Where to go? What to do? Where to eat? At least once a weekend, most of us discuss at least one of these questions with someone else—a friend, a significant other, a spouse.
But what happens when we disagree? It’s difficult, but negotiable.
To make it negotiable, however, is to understand the difference between negotiation and persuasion. Specifically, it’s to treat differences of opinion as opportunities to negotiate, not invitations to persuade. This post will discuss why and how to do that.
To make this real, imagine it’s Friday night. You’re dead-set on visiting your favorite gastropub, but your significant other is just as dead-set on visiting her favorite Italian restaurant. Seeing a stalemate in the cards, what will you say next?
If you’re like most people, you’ll start to extoll the gastropub’s virtues (the beer selection! the TVs! the burgers!). If that doesn’t work, you’ll probably start to subtly trash the Italian restaurant (the grumpy waiters! the tiny bathroom! the runny sauce!). In short, if you’re like most people, you’ll start to persuade. But wait, “most other people” probably includes your significant other, right? What’s she likely to do? Seeing you start to persuade, chances are that she’ll do that too. Where’s this likely to lead? Another Friday night eating stale Trader Joe’s burritos in front of Dateline NBC.
But imagine for a moment that you instead saw the situation as a chance to negotiate. What would you say then? Well, you wouldn’t just drop your taste for the gastropub, developing a sudden interest in spaghetti. To clear up a basic misconception, negotiation does not mean surrender. No – what you’d do is share your fundamental reason for wanting to visit the gastropub, which often has surprisingly little to do with the arguments you would’ve used to persuade. Perhaps the real reason underlying your gastropub preference, for example, is its proximity to your house—you’ve had a rough week and want to walk somewhere close, not drive to the Italian place three suburbs away. Next, after sharing your fundamental reason, you’d ask hers: why do you want to go to that Italian place? “Because I want somewhere quiet so we can talk,” she might say, “and we always have to shout at that gastropub.”
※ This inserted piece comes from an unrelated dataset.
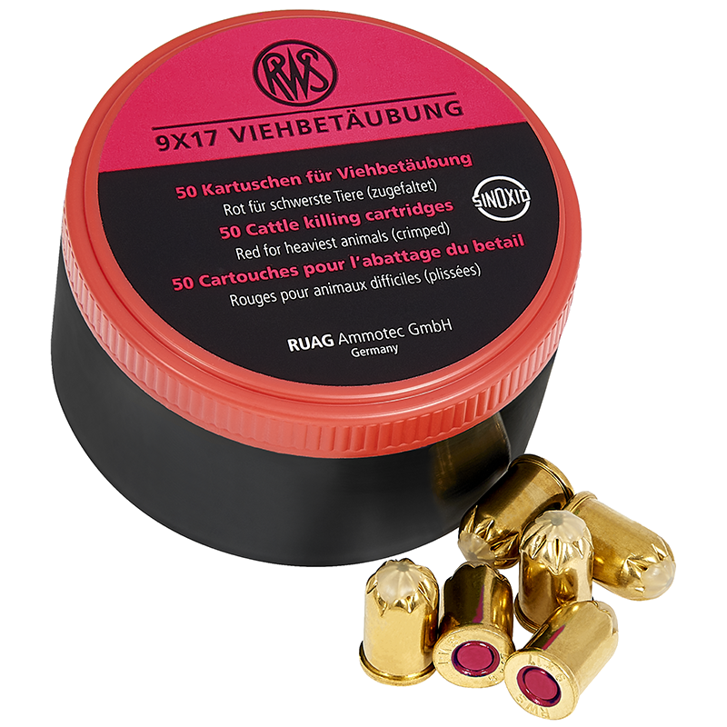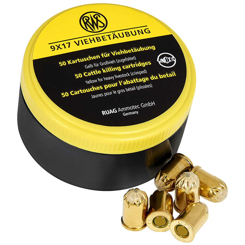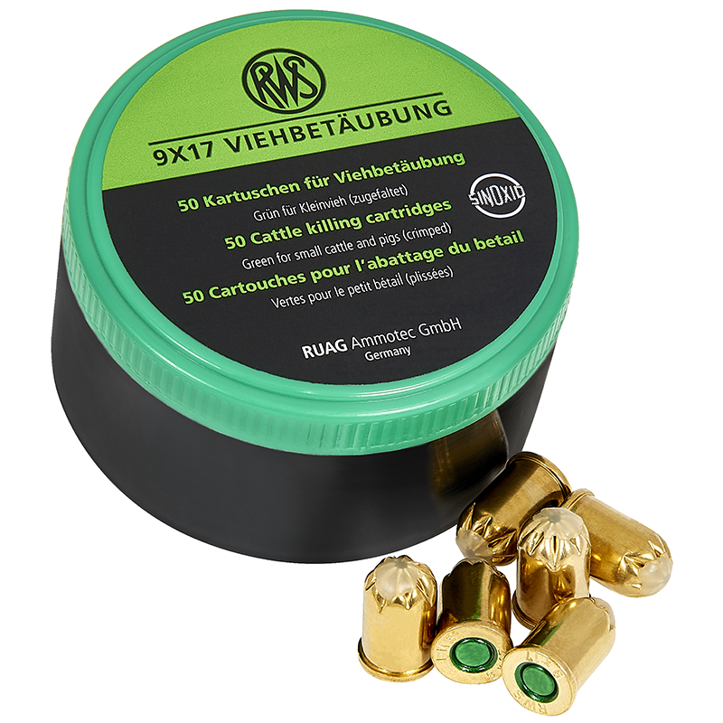 Schussapparate der Firma turbocut Vernickelte Bolzenschussgerät zur Viehbetäubung mit neuem „Cartridge Security System“. Alle Apparate mit Kaliber 9 x 17mm. Bullen Blitz (BB): für schwere Tiere (nur rote Kartuschen) (2,21kg) Kleiner Blitz (KB): für z.B. Ferkel (nur grüne Kartuschen) (2,25kg) Blitz Schlag (BS): nicht eindringend (nur grüne Kartuschen) (2,23kg) Blitz Kerner (BK): das Original (2,60kg)

Well now you’ve opened up a world of possibilities. You want somewhere close, and she wants somewhere quiet. There are about five quiet restaurants within walking distance. Just by negotiating rather than persuading, you’ve avoided a nasty dispute and all of its ramifications for your Friday night.
The critical point is that negotiation is not the same thing as persuasion. Negotiation may involve some element of persuasion—you may still have to persuade your significant other than one of the five restaurants is better than another. But negotiation is much broader than persuasion, and it starts much differently—with both parties sharing their fundamental reasons.
Have you ever selected a restaurant this way?